In 2016, Alison’s success in Grand Manon Island inspired her to begin Field Studies in Writing Southwest. Again, using her Haury Program chair funding and a Change Maker grant from the Program, she seeded a similar program in the borderlands of Arizona, supporting students to pursue their art connected to the natural environment and communities.

Katie Beaty, Haury Program researcher, sat down with Alison in March 2018 to talk about her remarkable Field Studies in Writing Southwest Program.

KB: Please tell me about your most recent project, Field Studies in Writing Southwest, with the Haury Program.

AD: Three graduate students in creative writing are selected for two weeks of immersion to work in collaboration with Borderlands Habitat Network based in Patagonia, Arizona. They’re doing research and writing, and they’re working and mentoring at-risk youth. Through their writing and research, they explore environmental and social justice issues.

KB: What are your goals for this project?

AD: My goals are to inspire students to explore how the literary arts can contribute to our understanding of climate change, border issues and social justice.

KB: What challenges or hurdles have you identified in getting to your stated outcome aspirations?

AD: One challenge in the first year was that the students were working very long and hot days in the desert on habitat restoration. Their schedule this year has been reimagined to devote days to the writing and then other days to solely engage in manual labor. Other than that, it has been a dream project, and everyone really enjoys it.

KB: How are you recording your data and metrics throughout the project?

AD: Our students submit a blog post during the time they’re in residence and longer writing projects in the next semester. Students also do presentations in the community, including a panel at a social justice conference at Arizona State University (ASU), and we are putting together proposals to present at other conferences in the coming year.  It all really depends on the audience; these students are writers.

Recent graduate Francisco Cantú has published an important book about the borderlands titled The Line Becomes A River. We hope that additional literary works are published in the future. Students also complete a self-assessment and explanation of what the project has meant to them. This provides qualitative information to help us redefine and imagine our goals going forward.

KB: How does this project align with the Haury Program’s mission? You reported that Field Studies in Writing Southwest focused on multiple Haury Program areas of interest including social justice, can you discuss that connection?
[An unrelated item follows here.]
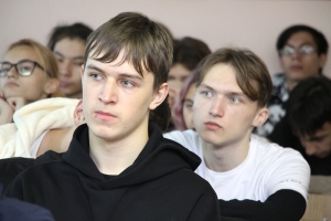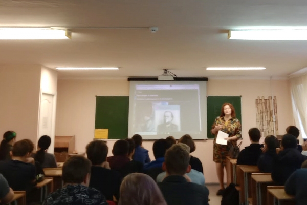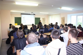 Далее заведующая кафедрой «Общеобразовательные дисциплины» Е. А. Малых рассказала студентам о выдающемся российском учёном К. Э. Циолковском как примере развития и самореализации человека, стремящегося к претворению в жизнь своей мечты во имя блага страны и последующих поколений, о его вкладе в развитие отечественной и мировой космонавтики. В конце разговора студенты поучаствовали в викторине, которая окунула ребят в атмосферу космоса.

AD: Writers are generalists and therefore this project applies to many of the Haury Program focus areas including social justice, environment, community and border studies. One student in last summer’s program, Raquel Gutierrez, created a powerful photo essay about her experience distributing water with a humanitarian group assisting migrants in the desert. She used the flag that marks the water barrels as a metaphor, writing, “This is the flag to which I pledge my allegiance.”

Data is great, but stories get to peoples’ hearts. Raquel was telling a story about providing the most basic of humanitarian aid. Heart and mind come together in our discipline. This is one example of how Field Students in Writing Southwest applies to social justice and water issues, and documents social needs in relation to the border.

KB: Anything else you’d like to share about Field Studies in Writing Southwest?

AD: The stereotype of writers is that they sit in an attic somewhere in a highly individualistic pursuit. That’s necessary to the craft of writing, but it can also lead to a writer not being engaged with community. This generation of students is politically and socially engaged. Our program gives them opportunities to put those concerns into action and into their art.